Uitgeruild loon mag pensioengrondslag niet verlagen
Het uitgeruilde loon mag de grondslag van het StiPP pensioen en APG niet verlagen. Dit zal aangepast worden in Easyflex.
Op het tabblad ‘Algemeen’ van de aftrekposten StiPP basis en StiPP plus is de instelling ‘Volledige uitruil verlaagt grondslag’ actief. Deze instelling kijkt tot en met 2019 alleen naar de uitruil over het looncomponent ‘Loon overwerkuren’. Met ingang van het nieuwe loonjaar telt deze instelling voor al het uitgeruilde loon. Voor de aftrekposten Stipp Basis, Plus en APG zal Easyflex deze instelling automatisch uitzetten met ingang van 2020. Voor de overige aftrekposten kan je als klant zelf bepalen of de uitruil de pensioengrondslag dient te verlagen.
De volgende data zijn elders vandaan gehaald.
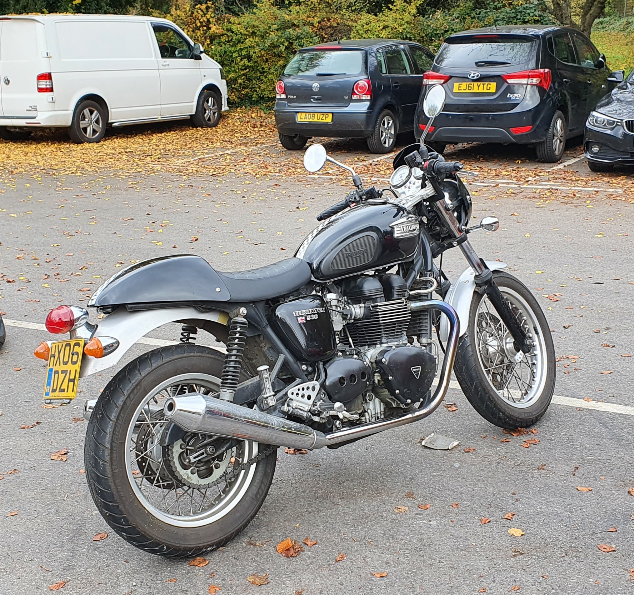 Then, having a Sunday morning free in Surrey, with lovely autumn sunshine, we decided to drive to Box Hill in the Surrey Hills, and walk up to enjoy the view. Box Hill is immortalised in the Richard Thompson song “1952 Vincent Black Lightning” and is a favourite spot for bikers. We found ourselves in the Ryka’s Cafe Car Park, full of motorcyles, while their owners stood or sat around at the picnic tables, chatting in their leathers. I was reminded of happy times spent in the London Fountain Pen Club meets, but guessed that my latest pen and ink combination might not have been of much interest to these leather-clad gents (and a few ladies). Each to his own. I wrote in my notebook “We do not choose our addictions.” I am not a biker, to say the least, but if I was, then a Triumph Thruxton that I spotted in the car park stood out from the crowd.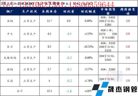 江蘇優(yōu)特?zé)o縫厚壁鋼管廠家棒材總庫存35.3萬噸,較上周下降1.8萬噸,環(huán)比降4.85%,較去年同期下降4.68萬噸,同比降11.71%,目前江蘇優(yōu)特?zé)o縫厚壁鋼管廠家均正常生產(chǎn)。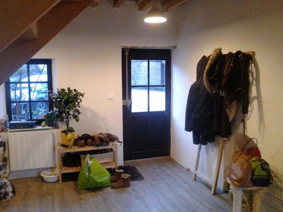 La porte d'entrée/entrée: on a ajouté la patère et on cherche un système de caisse assez grande pour mettre les chaussures et remettre le banc dans la salle de bain (son emplacement initial) + un tabouret/chaise et une table d'appoint pour le citronnier.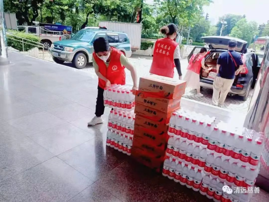 清遠市慈善總會工作人員與捐贈企業(yè)人員搬運物資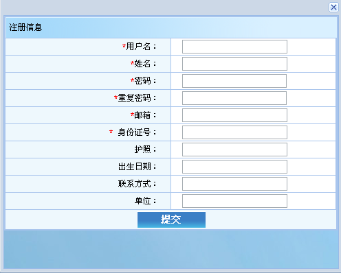对于新用户,必须点击 “注册” 按钮,进入注册界面如图1-2所示.在注册界面中,输入注册信息点击 “提交” 按钮,完成注册后才能登陆。(注:红色 星号所标注的输入项为必填项)。校外人员是否需要注册详见具体缴费通知。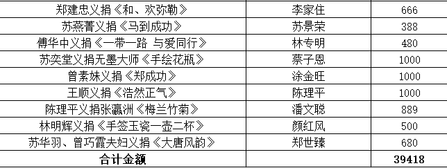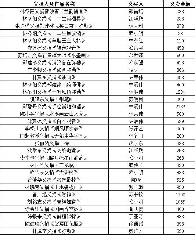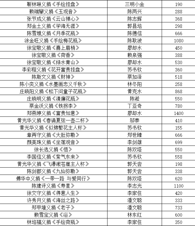 為弘揚“一方有難,八方支援“的大愛精神,助力新型冠狀病毒肺炎疫情防控工作,由福建省陶瓷行業(yè)協(xié)會主辦,德化縣工商聯(lián)(總商會)、德化縣陶瓷發(fā)展委員會辦公室協(xié)辦,世界瓷都戴云山藝術(shù)館承辦的德化陶瓷藝術(shù)品第一期義賣活動順利拉下帷幕。此次義賣(義捐)所得金額4.8184萬元全數(shù)捐贈我縣紅十字會,現(xiàn)將義賣(義捐)名單公示如下!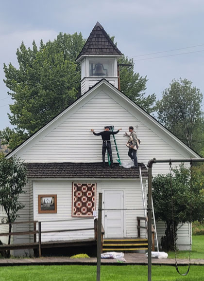 | Eric trying to reach everything while Michael tries to keep the ladder from sliding off the wet roof. | The other peaks are hung with the ladders on the ground, so a little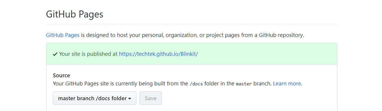 On the Blinkit Github repository the option "Github pages" is activated, and the new Blinkit website is uploaded in the default docs folder.

Periodiek na 26 gewerkte weken en ook voor NBBU
Na 26 gewerkte weken moet de uitzendonderneming de uitzendkracht een periodiek toekennen. In Easyflex zal daarom vanaf 30-12-2019 gaan signaleren op 26 weken (dit was voorheen niet van toepassing voor de NBBU, en voor de ABU is de signalering aangepast). In werkmaatschappijen met een ABU lidmaatschap kon je reeds op het tabblad ‘CAO-overige’ een CAO periodiek ingeven. Dit is nu ook doorgevoerd voor werkmaatschappijen met een NBBU lidmaatschap.